The murder has once again ignited anti-American sentiment in the Japanese prefecture, which is home to a controversial U.S. military base.

After a private bilateral meeting between the two leaders following Obama's arrival in Tokyo on Wednesday, Prime Minister Shinzo Abe took the rare step of criticizing the U.S. president in front of the press.

“In the onset of our small group discussion, I have firmly lodged a protest against President Obama as the Japanese Prime Minister with regard to the most recent case in Okinawa,” he said.

“I feel profound resentment for this self-centered and despicable crime,” he added. “This case shocked the entire Japan.”

Abe expressed “strong indignation” and urged American forces to “take thorough measures to prevent the recurrence of such events,” according to the Associated Press.

"There is a tough and challenging road ahead of us as we seek to regain confidence which was lost in the most recent case," Abe said, according to CBS News.

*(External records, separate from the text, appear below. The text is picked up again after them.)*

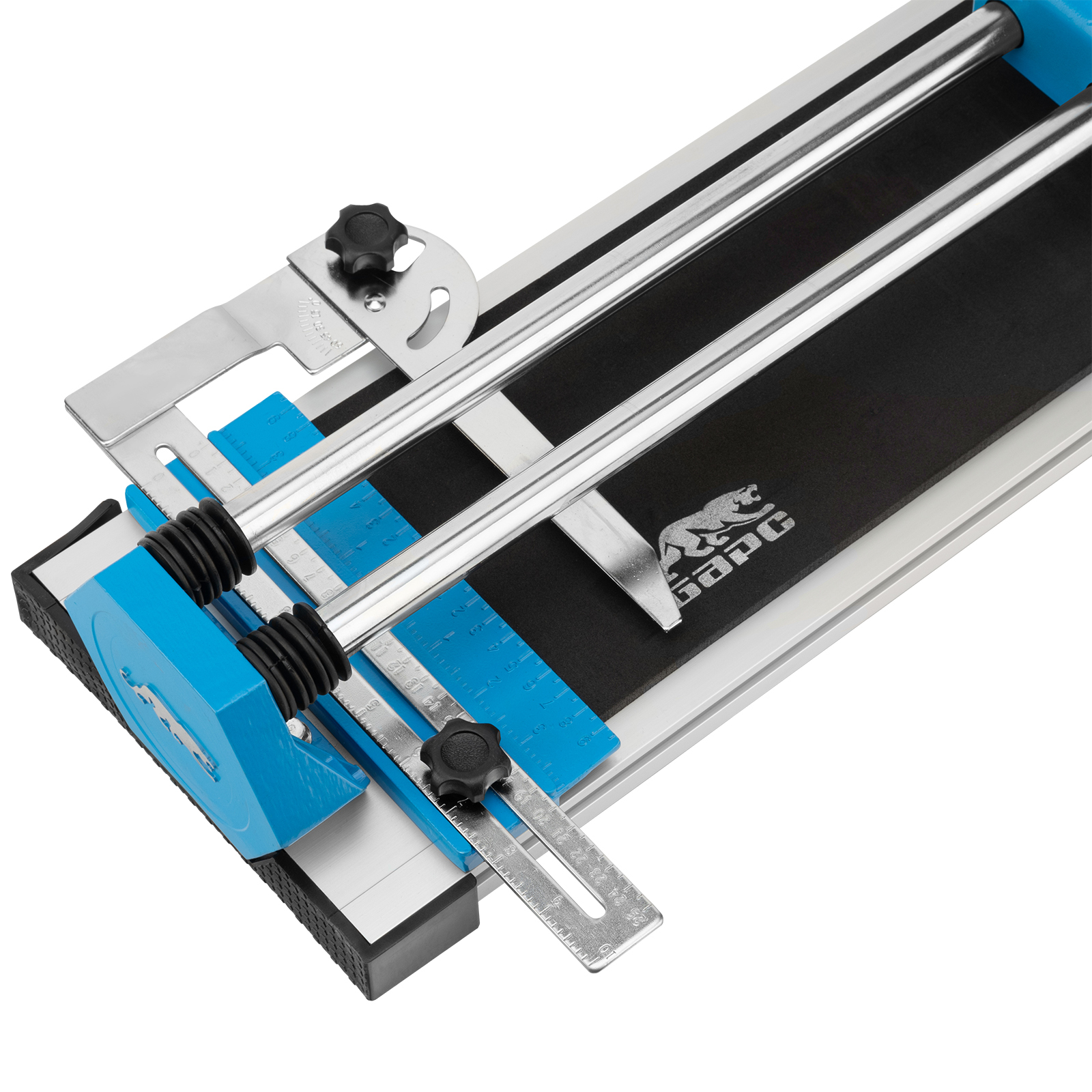 - Надежная фиксация плитки — цельнолитая станина из алюминиевого сплава обеспечивает устойчивость плиткореза, резиновые амортизаторы предотвращают удар каретки о стойку.
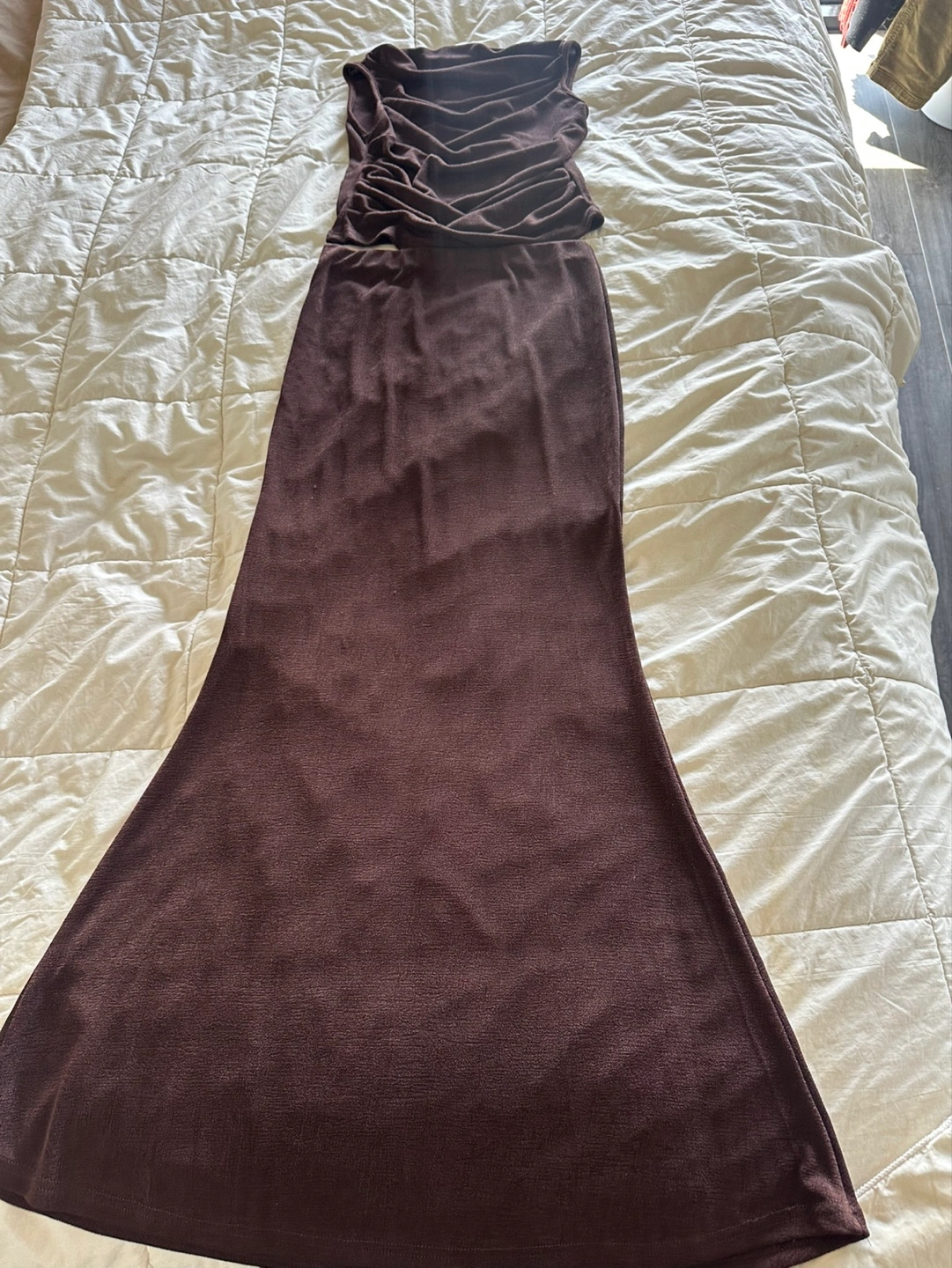 Gorgeous chocolate brown two-piece set. Features a cowl neck sleeveless top and a matching maxi skirt. The fabric is a stretchy knit material. Perfect for a special occasion or evening out.
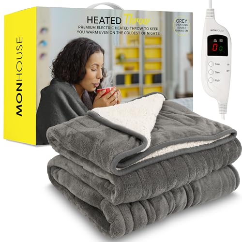MONHOUSE Heated Throw - Electric Blanket - Digital Controller - Timer up to 9 hours, 9 Heat Settings, Auto Shutoff - Machine Washable - Double 150X200cm - GREY
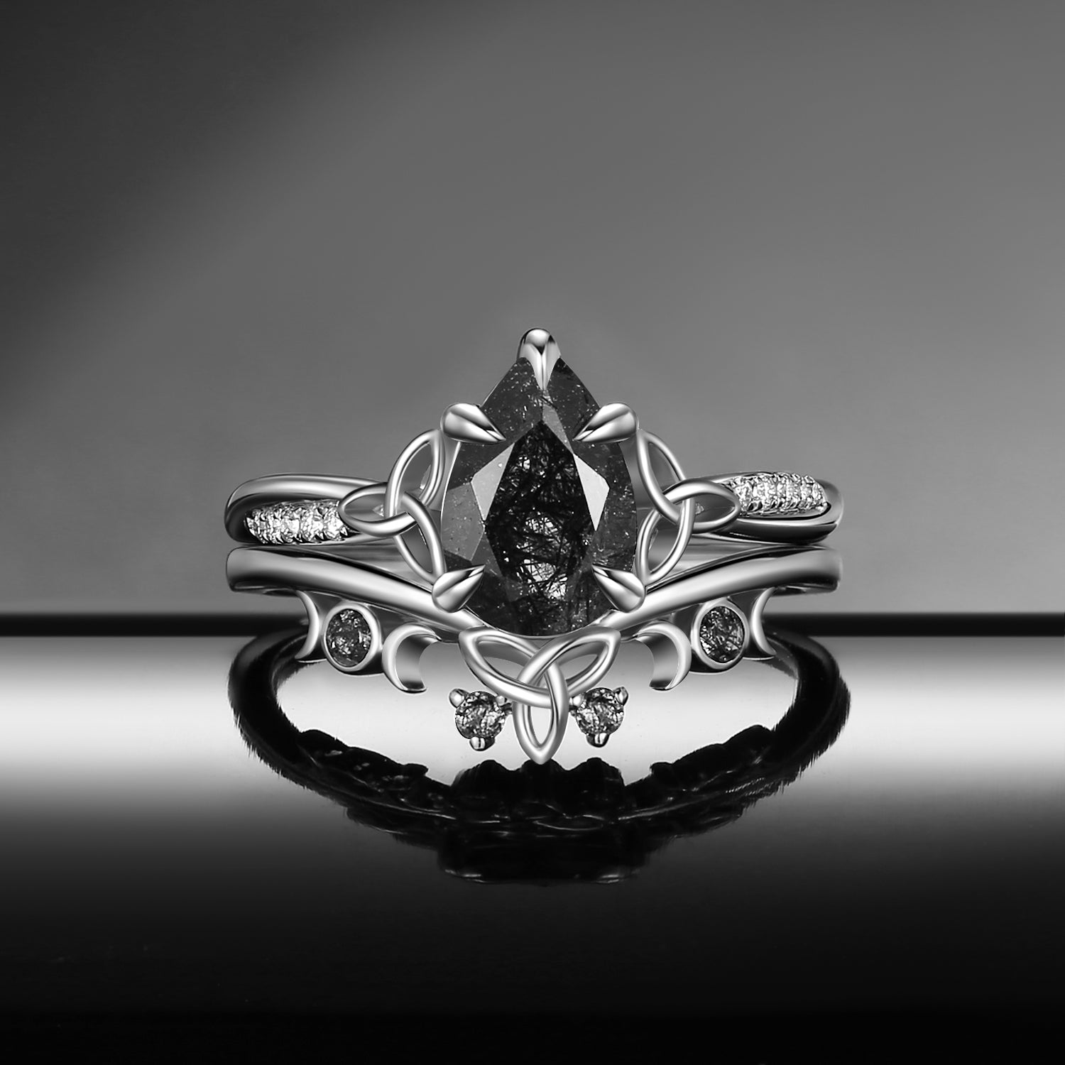 Celtic Moon | Pear Cut Black Rutilated Quartz Celtic Inspired Engagement Ring Set 2pcs
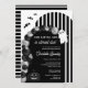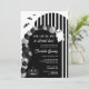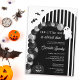 Adorable cute gender neutral Little boo Halloween illustrations baby shower party invitation with a black and white stripes theme, arch , balloons, white ghosts and black pumpkin, with black cute bats with black arch.
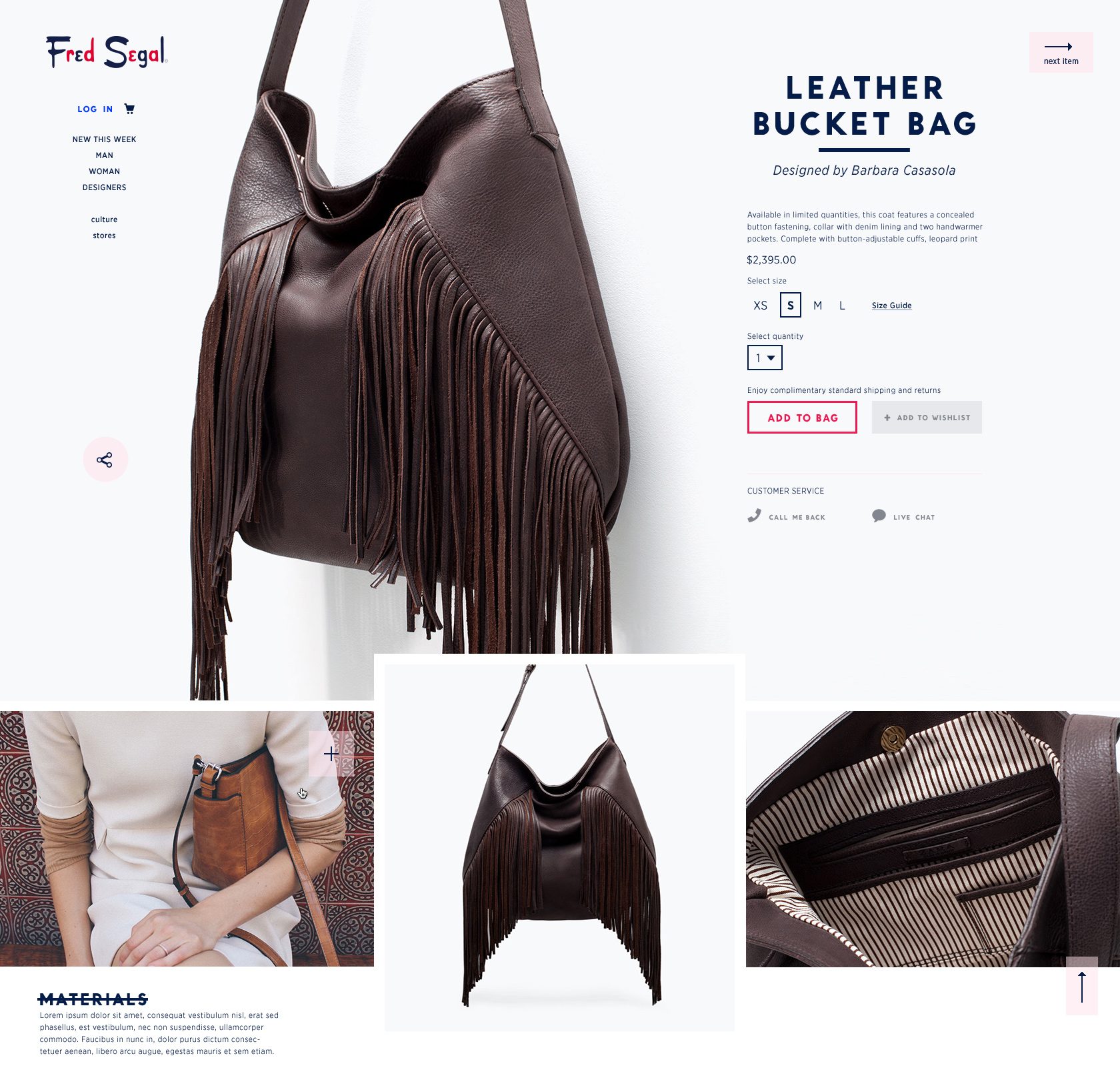 This page is dedicated to the item—its details, its story, and the designer behind it. The goal is to make you feel the essence of the piece and appreciate its effortlessly understated cool.
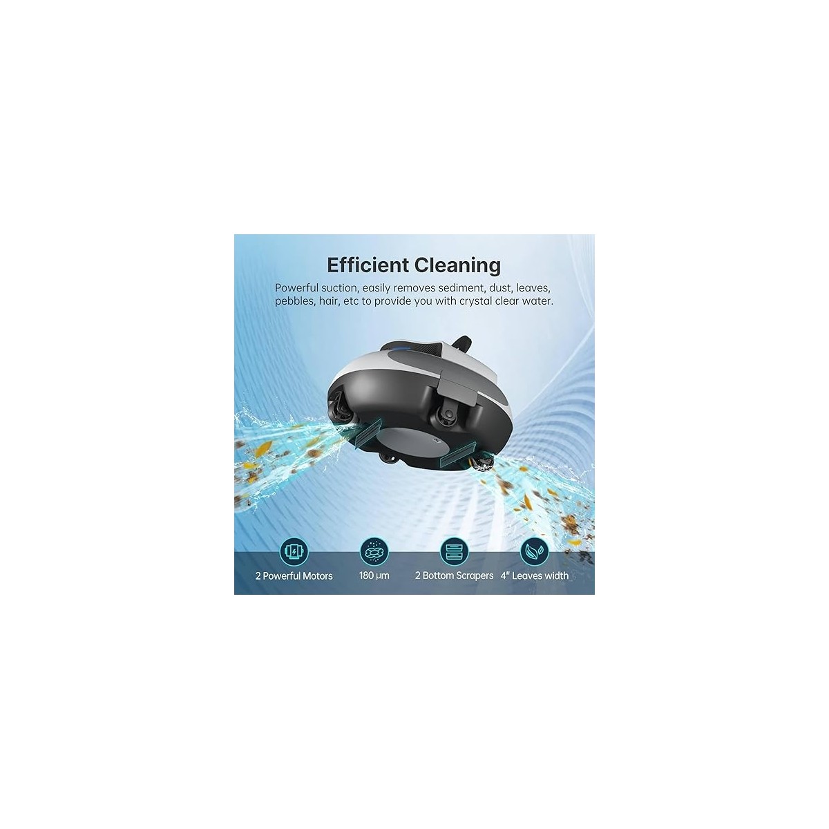 Bu ürün hakkında 1. 【Zahmetsiz Temizlik】 Yeraltı havuzları için bu kablosuz havuz süpürgesiyle karışık kablolara veda edin. Açmak için düğmeye tıklamanız yeterli, 30 saniye içinde suya atın ve su altında çalışmaya başlayacaktır. Yüzme Havuzu Temizlik Robotu Maksimum dalış derinliği 3m. 2. 【Akıllı Park】3D hassas engellerden kaçınma, kablosuz ve dolaşmayan, 42L/MIN büyük emiş gücü, entegre emme ve kazıma. Pil seviyesi azaldığında havuz temizleyiciniz otomatik olarak havuz kenarına park edecek ve birlikte verilen kanca, kıyafetlerinizi ıslatmadan kolayca çekilebilecektir. 3. 【Uzatılmış Temizleme Süresi】 5000mAH Büyük Pil. 1000 ft2’ye kadar havuzlar için 100 dakikaya kadar sürekli temizlik. Maksimum temizleme alanı 1000 ft2 (92㎡). 10°C~35°C su sıcaklığına uyum sağlayın. 4. 【Güçlü Performans】 Güçlü çift motorlar ve çift fırçalarla donatılmış, döküntüleri, yaprakları ve küçük kayaları kolayca süpürebilir ve kazıyabilir, böylece havuzunuzun kapsamlı bir şekilde temizlenmesini sağlar. Çeşitli şekillerdeki havuzlar ve eğimi 15°’den az olan zeminler için uygundur. 5. 【Kullanışlı Özellikler】 Kendi kendine park etme teknolojisi, kolay kullanım. Büyük boyutlu filtreyle 180μm hassasiyet, küçük döküntülerin geçmesine izin vermez. Makineyi açıp yıkamak için dört düğmeyi açmanız yeterli.
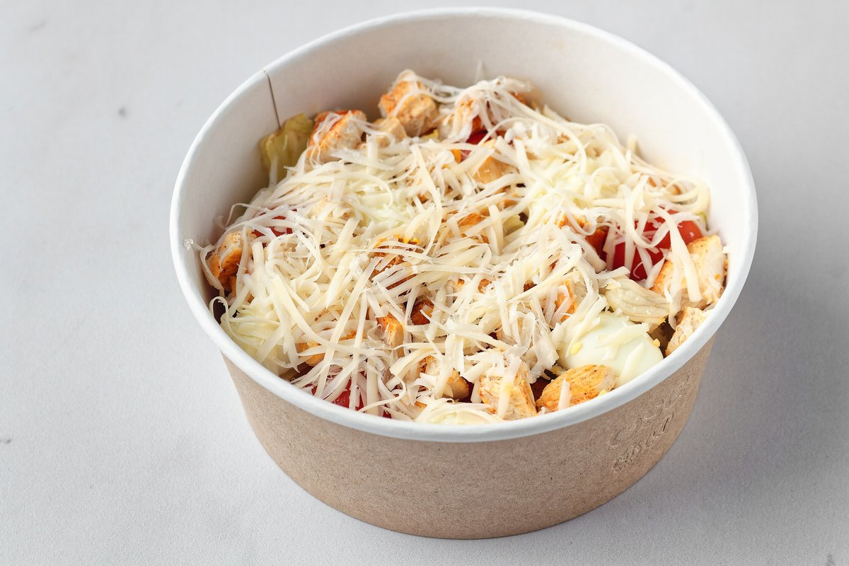 Состав: ржаные сухари, айсберг, перепелиное яйцо, черри, куриная грудка, пармезан. КБЖУ на порцию: 212,4/26,1/11/2

Obama said during the press conference that he had extended his condolences and deepest regrets for the Okinawa crime.

He said the U.S. would continue to investigate, and added, “We consider it inexcusable and we are committed to do everything we can to prevent any crime of this sort.”

In March, an American tourist was arrested for allegedly raping a Japanese tourist in Okinawa. In 1995, three U.S. servicemen kidnapped and raped a school girl on the island, triggering huge protests.